И, когда на каждую радость и на каждое горе, на каждую симпатию и
антипатию человек не будет более давать своего эгоистического ответа, своего
эгоистического отношения, он станет также независимым и от сменяющихся
впечатлений внешнего мира. То наслаждение, которое мы получаем от вещи,
ставит нас тотчас в зависимость от нее. В вещи теряют себя. Человек, который
сообразно сменяющимся впечатлениям, теряет себя в радости или горе, не может
идти путем высшего познания. Со спокойствием должен принимать он радость или
горе. Тогда он перестает терять себя в них, зато тогда начинает он понимать
их. Радость, которой я отдаюсь, поглощает мое бытие, в мгновение отдачи. Но
я должен использовать радость лишь для того, чтобы через нес прийти к
пониманию вещи, которая доставляет мне радость. Для меня не должно иметь
значение то, что вещь дает мне радость: я должен познать радость и через
радость сущность вещи. Для меня радость должна служить лишь возвещением о
том, что в этой вещи кроется свойство, способное доставлять радость. Это
свойство должен я научиться познавать. Если я останавливаюсь на радости,
если я всецело отдаюсь ей, то я являюсь лишь собой, изживающим себя, если
радость является для меня лишь поводом пережить какое-либо свойство вещи, то
этим переживанием я обогащаю мое внутреннее. Для учащегося наслаждение и
страдание, радость и горе должны быть поводами, благодаря которым он учится
у вещей. От этого исследующий отнюдь не становится тупым к радости и горю,
но он возвышается над ними, дабы они раскрыли ему природу вещей. Тот, кто
развивается в этом направлении, увидит, какими учителями являются радость и
горе. Он будет чувствовать вместе с каждым существом и благодаря этому,
воспринимать откровение его внутреннего. Исследующий никогда не говорит себе
только: о, как я страдаю, как я радуюсь, - но всегда: как говорит страдание,
как говорит радость. Он отдает себя для того, чтобы дать наслаждению и
радости внешнего мира влиять на себя. Благодаря этому в человеке происходит
полное изменение. Раньше на то или иное впечатление он отвечал тем или иным
поступком, потому что эти впечатления его радовали или доставляли печаль.
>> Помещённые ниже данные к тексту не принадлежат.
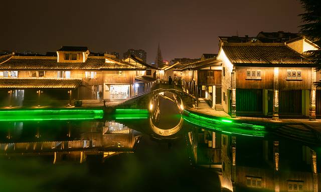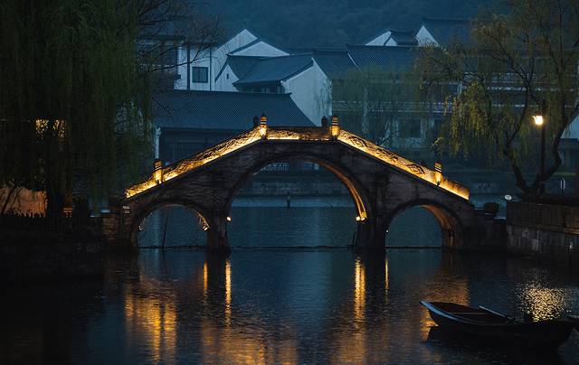 白日里的古镇恬静淡雅,而到了晚上也是别有风情,光为古镇镀上了一层迷人的色泽,在桥上,在水里,在房屋之中,透着幽幽的光,更是柔情十足。
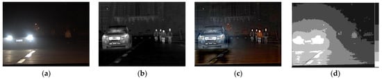 Figure 1d is the cluster map of the visible image shown in Figure 1a [21]. By comparing Figure 1a,d, it can be seen that the high-brightness areas contain a large amount of halation information and a small amount of important information, such as license plates and lane lines. In the areas closer to the halation, the brightness increases obviously.

Теперь же он позволяет радости и печали быть лишь органами, посредством
которых вещи говорят ему, как должен он относиться к ним. Радость и горе из
простых ощущений становятся в нем органами чувств, посредством которых
воспринимается внешний мир. Подобно тому как глаз, когда он что-либо видит,
не действует сам, но заставляет действовать руку, так и радость и горе
действуют сами в исследующем, но воспринимают впечатления, а то, что мы
узнаем через радость и печаль, является причиной поступка. Когда человек
обращает радость и печаль лишь в органы-проводники, тогда в его душе они
строят те настоящие органы, посредством которых ему раскрывается душевный
мир. Глаз может служить телу лишь потому, что он орган-проводник чувственных
впечатлений, радость и горе превращаются в очи души, когда они перестают
быть чем-то самодовлеющим и начинают лишь раскрывать нашей душе чужую душу.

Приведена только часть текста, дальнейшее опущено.